EX-10.(I) 5 first.htm AMENDMENT TO CREDIT AGREEMENT FIRST AMENDMENT TO CREDIT AGREEMENT

FIRST AMENDMENT TO CREDIT AGREEMENT

THIS FIRST AMENDMENT TO CREDIT AGREEMENT (this "Amendment"), dated as of January 18, 2008, is entered into among AMERICAN FINANCIAL GROUP, INC., an Ohio corporation ("AFG"), and AAG HOLDING COMPANY, INC., an Ohio corporation ("AAG") (AFG and AAG are hereinafter referred to collectively as the "Borrowers"), the lenders listed on the signature pages hereof as Lenders (the "Lenders"), and BANK OF AMERICA, N.A., as Administrative Agent.

BACKGROUND

    1. The Borrowers, the Lenders, and the Administrative Agent are parties to that certain Credit Agreement, dated as of March 29, 2006 (the "Credit Agreement"). The terms defined in the Credit Agreement and not otherwise defined herein shall be used herein as defined in the Credit Agreement.
    2. The Borrowers have requested certain amendments to the Credit Agreement.
    3. NOW, THEREFORE, in consideration of the covenants, conditions and agreements hereafter set forth, and for other good and valuable consideration, the receipt and adequacy of which are all hereby acknowledged, the Borrowers, the 77enders and the Administrative Agent covenant and agree as follows:

      1. AMENDMENTS.
        1. The defined term "AFG Consolidated Net Worth" set forth in Section 1.01 of the Credit Agreement is hereby amended to read as follows:
        2. "AFG Consolidated Net Worth" means, on any date, the amount reported by AFG, determined in accordance with GAAP on a consolidated basis, as "Total Shareholders' Equity" on its Form 10-K or Form 10-Q, but excluding (a) all amounts in respect of unrealized gains or losses recorded pursuant to FAS 115 and (b) any mandatorily redeemable capital stock (or redeemable shares of other beneficial interest), in each case as determined in accordance with GAAP and Section 7.10.

        3. The defined term "AFG Consolidated Total Financing Debt" set forth in Section 1.01 of the Credit Agreement is hereby amended to read as follows:
        4. "AFG Consolidated Total Financing Debt" means, on any date, on a consolidated basis determined in accordance with GAAP and Section 7.10 for AFG and its Subsidiaries (a) the sum of (i) indebtedness for borrowed money, or indebtedness evidenced by notes, debentures, Capitalized Leases, guarantees (excluding guarantees of indebtedness already included as Indebtedness) or similar instruments, (ii) indebtedness for the deferred purchase price of assets (other than the normal trade accounts payable), and (iii) indebtedness in respect of mandatory redemption or dividend rights related to an Equity Interest, but (b) excluding (i) any collateralized debt obligation fund managed by AFG which is listed on Schedule 1.01 and which Indebtedness in this clause (b) is carried as "Long Term Debt - Variable Interest Entities" on AFG's balance sheet from time to time in accordance with GAAP, and (ii) Non-Recourse Real Estate Indebtedness of AFG and its Subsidiaries.

        5. The defined terms "GAFRI Consolidated Financing Debt" and "GAFRI Consolidated Net Worth" set forth in Section 1.01 of the Credit Agreement are hereby deleted.
        6. The following defined terms are hereby added to Section 1.01 of the Credit Agreement in proper alphabetical order:
        7. "First Amendment Date" means January 18, 2008.

          "Hybrid Securities" has the meaning specified in the last paragraph of Section 7.10.

        8. Section 6.01 of the Credit Agreement is hereby amended to read as follows:
        9. 6.01 Financial Statements.
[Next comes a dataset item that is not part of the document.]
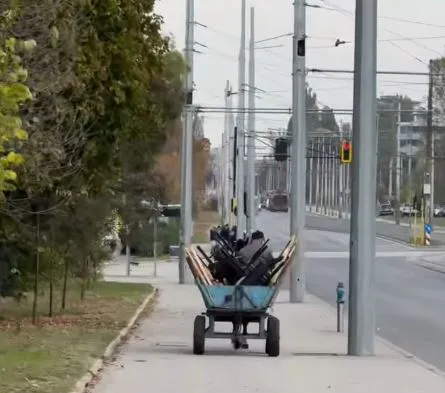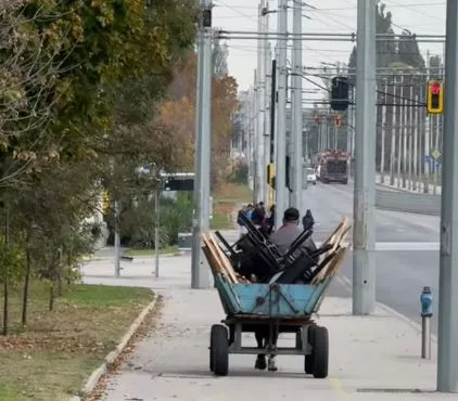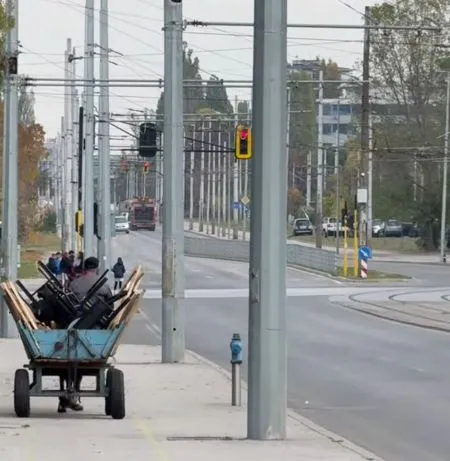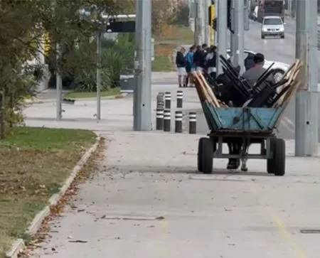 На любопитна гледка се натъкна столичанин посред бял ден. Наред с трамваите, колите и хората – каручка шпорила по тротоара край булевард в града. Натоварена до краен предел, но с бърза скорост, талигата бърза по пътя си, използвайки разчертаната на пешеходното пространство велоалея.

Deliver to the Administrative Agent and each Lender, in form and detail satisfactory to the Administrative Agent and the Required Lenders:

          (a) as soon as available, but in any event within 90 days after the end of each fiscal year of AFG (commencing with the fiscal year ended December 31, 2005, the Annual Report on Form 10-K of AFG for the fiscal year then ended, a consolidated balance sheet of AFG and its Subsidiaries, as at the end of such fiscal year, and the related consolidated statements of income or operations, shareholders' equity and cash flows for such fiscal year, setting forth in each case in comparative form the figures for the previous fiscal year, all in reasonable detail and prepared in accordance with GAAP, such consolidated statements of AFG to be audited and accompanied by (i) a report and opinion of a Registered Public Accounting Firm of nationally recognized standing reasonably acceptable to the Required Lenders, which report and opinion shall be prepared in accordance with generally accepted auditing standards and applicable Securities Law and shall not be subject to any "going concern" or like qualification or exception or any qualification or exception as to the scope of such audit and (ii) an opinion of such Registered Public Accounting Firm independently assessing AFG's internal controls over financial reporting in accordance with Item 308 of SEC Regulation S-K, PCAOB Auditing Standard No. 2 and Section 404 of Sarbanes-Oxley;

          (b) as soon as available, but in any event within 60 days after the end of each of the first three fiscal quarters of each fiscal year of AFG (commencing with the fiscal quarter ended March 31, 2006) the quarterly report of AFG as required by the Exchange Act on Form 10-Q, a consolidated balance sheet of AFG and its Subsidiaries, as at the end of such fiscal quarter, and the related consolidated statements of income or operations, shareholders' equity and cash flows for such fiscal quarter and for the portion of AFG and its Subsidiaries' fiscal year then ended, setting forth in each case in comparative form the figures for the corresponding fiscal quarter of the previous fiscal year and the corresponding portion of the previous fiscal year, all in reasonable detail, such consolidated statements to be certified by a Responsible Officer of AFG as fairly presenting the financial condition, results of operations, shareholders' equity and cash flows of AFG and its Subsidiaries, in accordance with GAAP, subject only to normal year-end audit adjustments and the absence of footnotes; and

          (c) as soon as available, all quarterly and annual statutory financial statements, including all exhibits and schedules thereto, of the Insurance Subsidiaries, in the form required by the respective Insurance Authorities.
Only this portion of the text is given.